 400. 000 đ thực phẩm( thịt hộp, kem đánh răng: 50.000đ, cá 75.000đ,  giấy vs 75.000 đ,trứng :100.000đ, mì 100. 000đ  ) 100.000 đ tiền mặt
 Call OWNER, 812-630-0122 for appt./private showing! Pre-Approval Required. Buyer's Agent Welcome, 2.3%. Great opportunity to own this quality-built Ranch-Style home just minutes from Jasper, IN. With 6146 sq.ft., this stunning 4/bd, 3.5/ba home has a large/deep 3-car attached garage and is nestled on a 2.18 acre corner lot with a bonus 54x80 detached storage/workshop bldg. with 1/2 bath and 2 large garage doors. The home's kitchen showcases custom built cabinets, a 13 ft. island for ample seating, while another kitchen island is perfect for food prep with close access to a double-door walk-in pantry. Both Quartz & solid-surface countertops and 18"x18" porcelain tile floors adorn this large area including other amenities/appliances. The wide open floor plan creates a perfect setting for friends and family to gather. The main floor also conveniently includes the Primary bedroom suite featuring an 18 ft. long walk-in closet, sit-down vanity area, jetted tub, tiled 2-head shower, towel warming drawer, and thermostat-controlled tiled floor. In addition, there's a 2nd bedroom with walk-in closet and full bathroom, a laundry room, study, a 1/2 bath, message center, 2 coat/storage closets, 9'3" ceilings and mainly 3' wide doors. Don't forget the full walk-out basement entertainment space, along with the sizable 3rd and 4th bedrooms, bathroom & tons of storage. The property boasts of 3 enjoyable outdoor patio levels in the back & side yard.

---

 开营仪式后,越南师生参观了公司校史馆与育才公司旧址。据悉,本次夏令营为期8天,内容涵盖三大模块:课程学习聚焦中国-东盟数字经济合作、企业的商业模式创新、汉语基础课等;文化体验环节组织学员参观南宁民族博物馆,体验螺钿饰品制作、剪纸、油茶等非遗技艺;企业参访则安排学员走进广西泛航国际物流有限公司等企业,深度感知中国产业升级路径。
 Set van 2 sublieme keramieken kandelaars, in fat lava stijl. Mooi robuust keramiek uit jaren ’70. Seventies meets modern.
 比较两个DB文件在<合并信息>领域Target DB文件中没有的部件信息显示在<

==

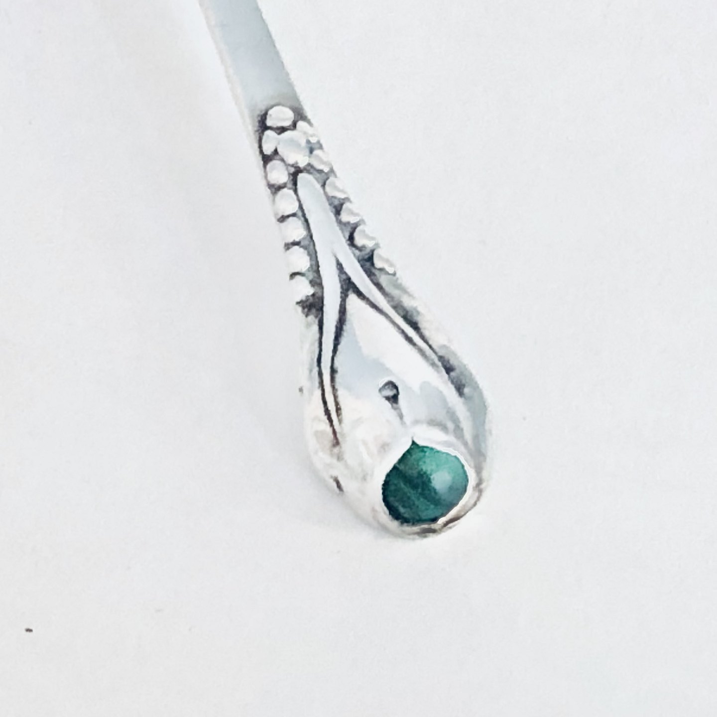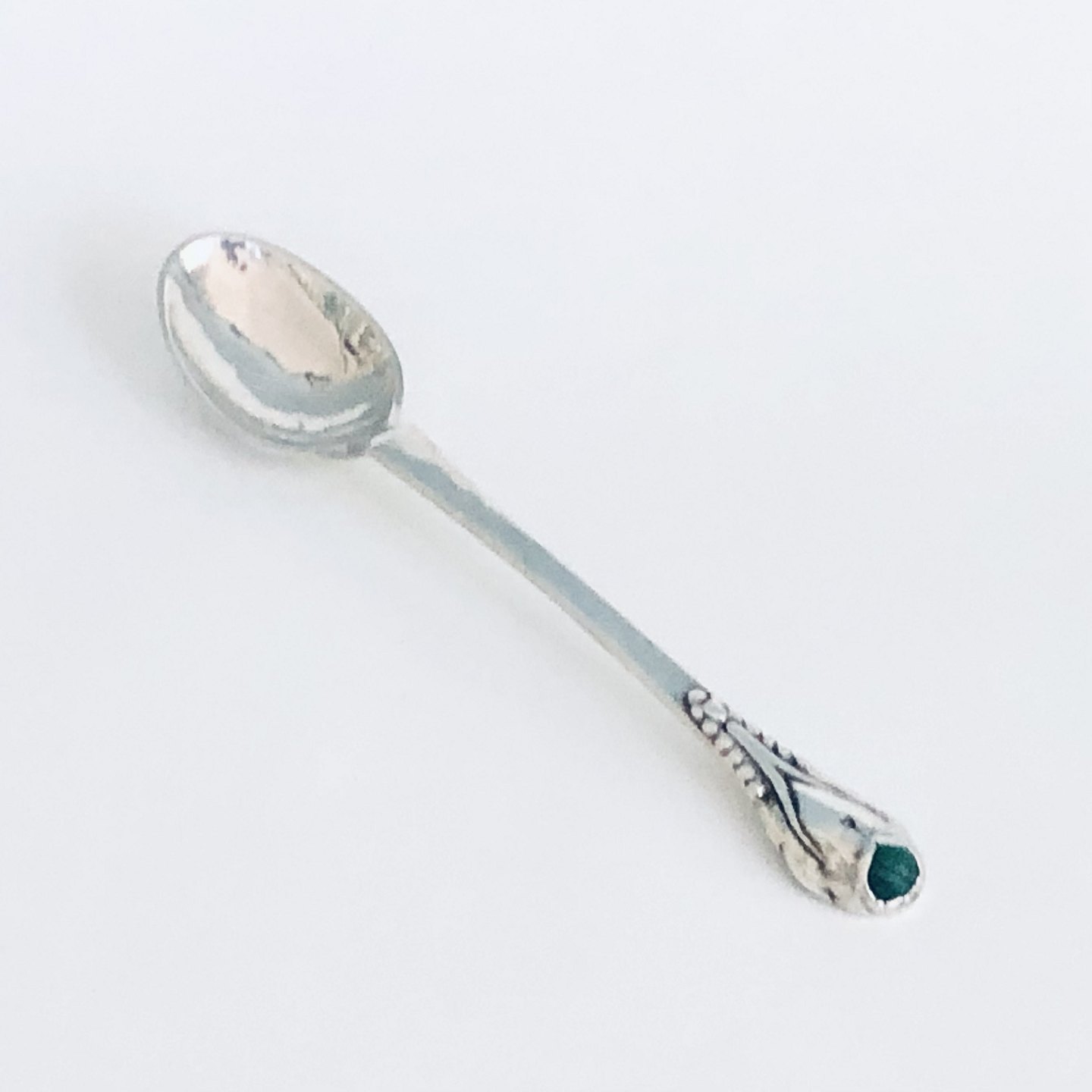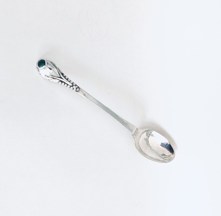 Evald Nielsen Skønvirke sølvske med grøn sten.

What you should do: Starting at the line above that contains "开营仪式后,越南师生参观了公", write out each line exactly until the line that contains "比较两个DB文件在<合并信息" has been written, and stop there.

The answer:
 开营仪式后,越南师生参观了公司校史馆与育才公司旧址。据悉,本次夏令营为期8天,内容涵盖三大模块:课程学习聚焦中国-东盟数字经济合作、企业的商业模式创新、汉语基础课等;文化体验环节组织学员参观南宁民族博物馆,体验螺钿饰品制作、剪纸、油茶等非遗技艺;企业参访则安排学员走进广西泛航国际物流有限公司等企业,深度感知中国产业升级路径。
 Set van 2 sublieme keramieken kandelaars, in fat lava stijl. Mooi robuust keramiek uit jaren ’70. Seventies meets modern.
 比较两个DB文件在<合并信息>领域Target DB文件中没有的部件信息显示在<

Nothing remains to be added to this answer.